I Feel Witty
Actually, I don’t feel witty.
And in this day and age, being witty is an extremely important life skill. Why? One word–Facebook.* It has been rumored that the purpose of Facebook is to help you connect with friends and family. This rumor has been circulated to mask the real purpose of Facebook: to show off one’s razor sharp wit with pithy status updates.
There’s just one problem. I can’t think of anything to witty to say. Generally speaking, when I’m Facebook I’m either at a coffee shop or I’m eating lunch in my room. I guess that explains why when I used a Facebook app to determine the words I use most often in status updates, my top words were “drinking” and “coffee.” Drinking coffee certainly is fun, but there’s a limit to how many times one can wittily and entertainingly say “I’m drinking coffee.”

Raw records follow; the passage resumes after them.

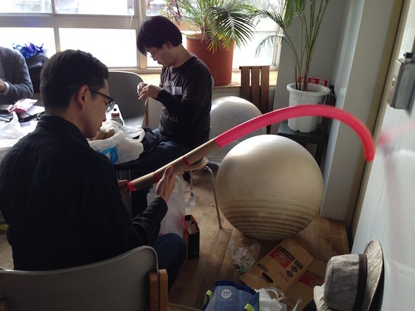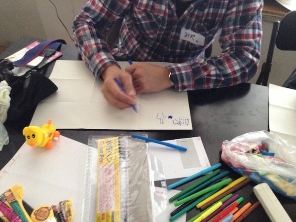 自己紹介とアイデアが出揃ったので、100円ショップに買い出しをしてから、制作タイムです。
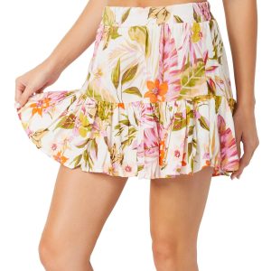 This juniors floral tier skirt features a charming ruffle tier design and a tropical floral print. The elastic waistband offers a comfortable fit, making it perfect for casual days or dressing up with ease and style. Fabrication 100% rayon.
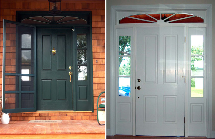 Exterior Transom Features: ½ thick Clear insulated tempered glass is included as a standard option. Low E glass, argon filled units and decorative patter glass is available on most any transom. Our exterior transoms are a full 1 ¾ thick and can be increased to 2 ¼ if desired. Any design can be produced as slab only or framed with a jamb. Brick molding is optional along with interior casing packages.

And look at what I have to compete with!*
- Perhaps I’ll die of Oreo inhalation while I’m laughing raucously at one of my friends. Go out with a bang… that’s what I always say.

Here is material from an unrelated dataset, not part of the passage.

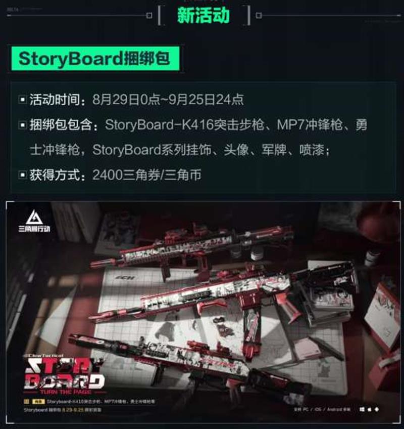 捆绑包包含:StoryBoard-K416突击步枪、MP7冲锋枪、勇士冲锋枪,StoryBoard系列挂饰、头像、军牌、喷漆;
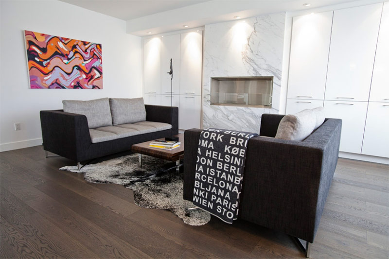 Incroyable salon minimaliste pour une résidence de style boutique hôtel (du Design Bigtime).

- Well I’m bored..hmm…might as well check myspace…no friend requests, no wall posts…well I will always have you tom.
- To all you haters out there… there is nothing wrong with sugar. Makes you taller, in fact. I recommend three heaping tablespoons of brown sugar with every meal. And chocolate syrup. LOTS of chocolate syrup.
- My highlight of the day: Saw a coyote cross the road. He looked so happy and content. It was hard to imagine him plotting against Roadrunner.
I guess it’s part of the curse of having witty friends.